Odp: 3 MIESIĘCZNE WYZWANIE Z EWĄ CH.-tym razem musi się udac
DZIEN 62 zaliczony:) Ale dzisiejszy dzień jest sprawdzianem mojej silnej woli.Jest mi smutno i najchętniej pocieszyla bym się czyms słodkim.Ale muszę być twarda
Odp: 3 MIESIĘCZNE WYZWANIE Z EWĄ CH.-tym razem musi się udac
DZIEN 63 zaliczony:)
Wczoraj nie było cwiczen i było wieczorne obżarstwo:(dzisiaj tez bylo blisko tragedii ale w pore się opamiętałam
Odp: 3 MIESIĘCZNE WYZWANIE Z EWĄ CH.-tym razem musi się udac
DZIEN 64 zaliczony:) dzisiaj myślałam ze padnę.Najpierw w pracy młyn,później w domu sprzątanie w kuchni a po 20 cwiczenia
Odp: 3 MIESIĘCZNE WYZWANIE Z EWĄ CH.-tym razem musi się udac
Witam po dłuuuugiej przerwie:( Niestety w swięta objadłam się słodkościami ze szok,cwiczen tez przez te swiąteczne dni nie było.Ale dzisiaj wracam na dobre tory.Jedzenie już ok,wpadła tez godzinka biegania i na wieczór zostały ćwiczenia.Takze niema co płakać nad nadprogramowymi kaloriami i bierzemy się z powrotem o roboty:)

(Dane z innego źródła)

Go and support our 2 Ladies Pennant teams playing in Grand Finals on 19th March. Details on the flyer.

Odp: 3 MIESIĘCZNE WYZWANIE Z EWĄ CH.-tym razem musi się udac
DZIEN 65 zaliczony huuuura:)powrót do cwiczen i zdrowej diety:)
Odp: 3 MIESIĘCZNE WYZWANIE Z EWĄ CH.-tym razem musi się udac
Ja ćwiczyłam ponad miesiąc z Ewą, niestety nie było efektu więc się poddałem. Trzymam za Was kciuki.

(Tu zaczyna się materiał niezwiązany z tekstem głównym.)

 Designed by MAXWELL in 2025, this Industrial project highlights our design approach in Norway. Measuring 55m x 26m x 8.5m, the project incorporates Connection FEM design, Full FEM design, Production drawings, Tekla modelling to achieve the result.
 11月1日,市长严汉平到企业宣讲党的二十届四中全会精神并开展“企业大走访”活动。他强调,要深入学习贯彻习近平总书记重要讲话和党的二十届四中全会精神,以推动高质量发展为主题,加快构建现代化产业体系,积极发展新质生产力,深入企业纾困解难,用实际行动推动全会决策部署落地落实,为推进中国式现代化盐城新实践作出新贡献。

Odp: 3 MIESIĘCZNE WYZWANIE Z EWĄ CH.-tym razem musi się udac
Witam.Dosyc dawno mnie tu nie było ale to wszystko przez swięta.Brak diety i cwiczen poskutkowały nadprogramowymi kilogramami na suwaczku
:( ale grunt to się nie poddawac i własnie dlatego wracam tu z powrotem:).Plan jest taki:
-dieta plus cwiczenia 6 razy w tygodniu
-jak najwięcej dobrego humoru,jak naj mniej czarnych pesymistycznych mysli
-wyzwanie trwa od 05.01.do 31.03
POWODZENIA ZYCZĘ SAMEJ SOBIE I DO DZIEŁA:):):)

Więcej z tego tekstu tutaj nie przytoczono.